19. Exercise Solution: Penetration Testing

Exercise Solution: Penetration Testing

You’ve been tasked with generating a password dictionary for your attack. This is basically a hashed list of common passwords you can use to try to match up a password.

There are tools and scripts that can be written to automate this as you advance, however we’ll create the list manually so that you fundamentally understand how password cracking works. Let’s say the base keyword you choose is “password”. You’d create variations based on that because people tend to use common words and then add a few numbers or special characters. So, if you know your targets favorite color, or kids name, and other details like that this list can grow to include all kinds of combinations you might come up with, but here’s my example for the base word password.

Cleartext password list:
password
Password
password1
Password1
password123
Password123
Password123*
P@Ssword
P@$$word123

Also, if you know what the required length, casing, number, and special character rules are, you can create a more efficient list as an attacker.
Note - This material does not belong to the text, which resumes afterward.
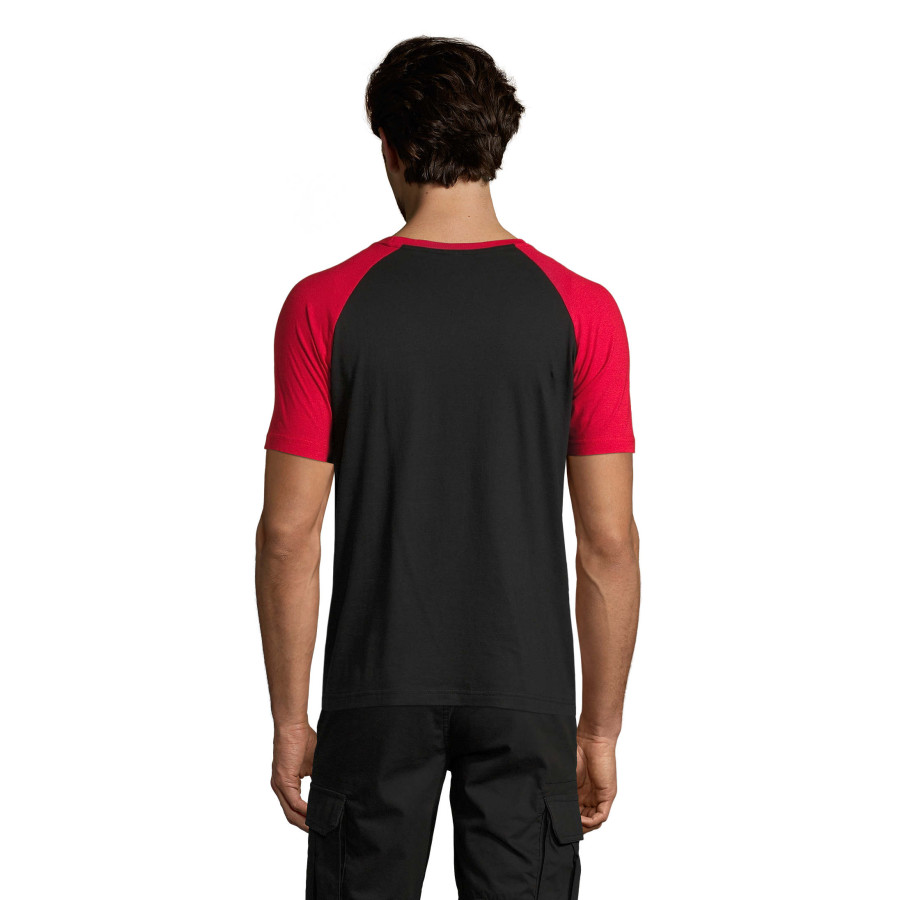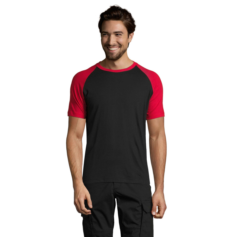 Чоловіча футболка FUNKY з рукавом реглан. Комір зв'язаний рібом з додаванням еластану, зміцнююча тасьма по коміру. Виріб викроєн з трикотажного полотна, без бічних швів.
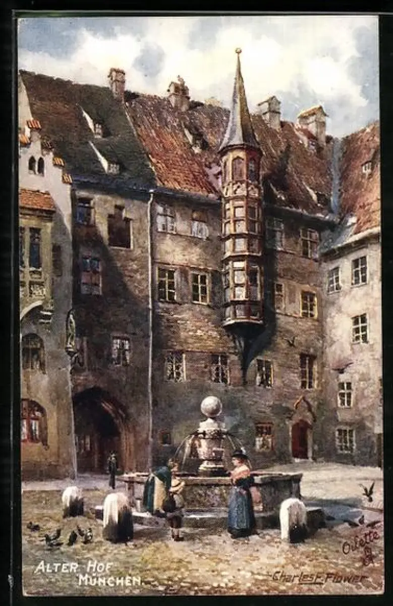 Künstler-AK Charles F. Flower: München, Alter Hof mit Brunnen

Now that you have this list, it’s still not all you need. Remember that systems don't typically store passwords in clear text. Once you have your list of passwords you think might be right, you’ll need to hash them.

Here’s example hash output using MD5 hashing.
5F4DCC3B5AA765D61D8327DEB882CF99
DC647EB65E6711E155375218212B3964
7C6A180B36896A0A8C02787EEAFB0E4C
2AC9CB7DC02B3C0083EB70898E549B63
482C811DA5D5B4BC6D497FFA98491E38
42F749ADE7F9E195BF475F37A44CAFCB
CBE10224496FB0BE0B7CA5178C932822
175526654E72D88C37F1A630F1A976E2
8B9674B89FE74D7F57A733AFB0F0D566
FD32F63A223767E782A003C7985AF225

That becomes your dictionary file for the attack. In practice you’ll want to automate this with a script, use a rule based attack, or leverage existing dictionary files and functions already existing within password cracking tools. For example, there are some default dictionaries included in HashCat.